A CSH overview on the COVID-19 pandemic

UPDATED ON JANUARY 6th 2021

The COVID-19 epidemic:

The year 2020 will be forever associated to the COVID-19 epidemic, and will for this reason become a landmark in the history of the human kind. Surprisingly enough, it is not so much the health consequences of the epidemic itself – however severe these may seem – that will make 2020 famous in the history. COVID-19 is estimated indeed to have killed a little less than 1.9 million people worldwide since its beginning a year ago. While this is certainly not the final health assessment of the epidemic, there is now some hope that the vaccination process that has started in the beginning of December and that is gaining momentum will reduce the spread of the disease and bring many regions of the world to a herd immunity, at least for a while. Indeed, the current graph seems to be suggesting that the world is entering in a peak of the daily number of COVID-19 death.  Yet this peak, which is associated to the third wave of the epidemic, has seen a much larger number of daily death than any of the two preceding ones.

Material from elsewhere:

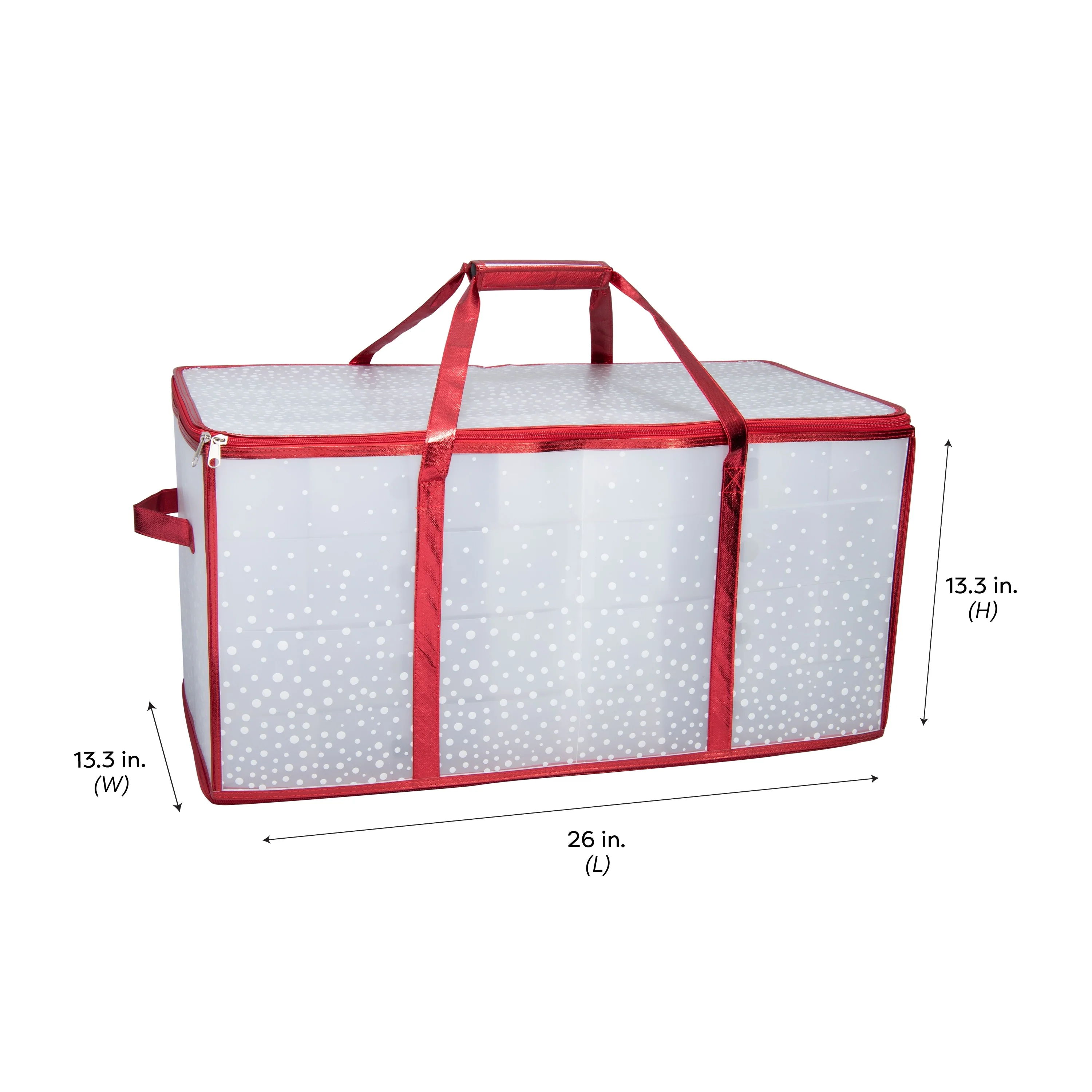 This Simplify 128-Count Ornament Organizer is a perfect holiday accessory to keep around the home! Helps keep up to 128 ornaments in 3" spaces safely stowed away until the next holiday season! Comes with handles for easy carrying and a zipper-lid closure for protection. Supportive cardboard dividers help protect and organize ornaments, and see through material allows you to easily view your ornaments that are stored. Collapses flat when not in use for easy storage during the holiday season.

Figure 1: Dynamic of the daily COVID-19 related deaths

While the death toll of COVID-19 may thus seem to be impressive, it is quite modest when compared to those of past epidemics, be they relatively recent, or more ancient. The Hong Kong flu epidemic of 1968-1969 for instance is estimated to have killed from 1 to 4 million people worldwide, for a world population of 3 billion (as compared to the 7 billion people who live on Earth nowadays). The 1957-1958 H2N2 pandemic is also estimated to have killed around 1.1 million people worldwide, for a world population of 2.5 billion. And these figures are obviously very low when compared to the 20-50 millions of death caused by the Spanish Flu in 1918-1923 (over a population of 1.5 billions), or to the third of the European population that was apparently killed by the Black death of 1346-1353.  The health consequences of COVID-19 are also modest when compared to those of other major causes of death – many of them avoidable – that the human kind is facing. According to the World Health Organization, in 2017, 1.3 million people worldwide died from road accidents, 15.2 million people died from cardiovascular diseases, and 9.6 million died from cancers.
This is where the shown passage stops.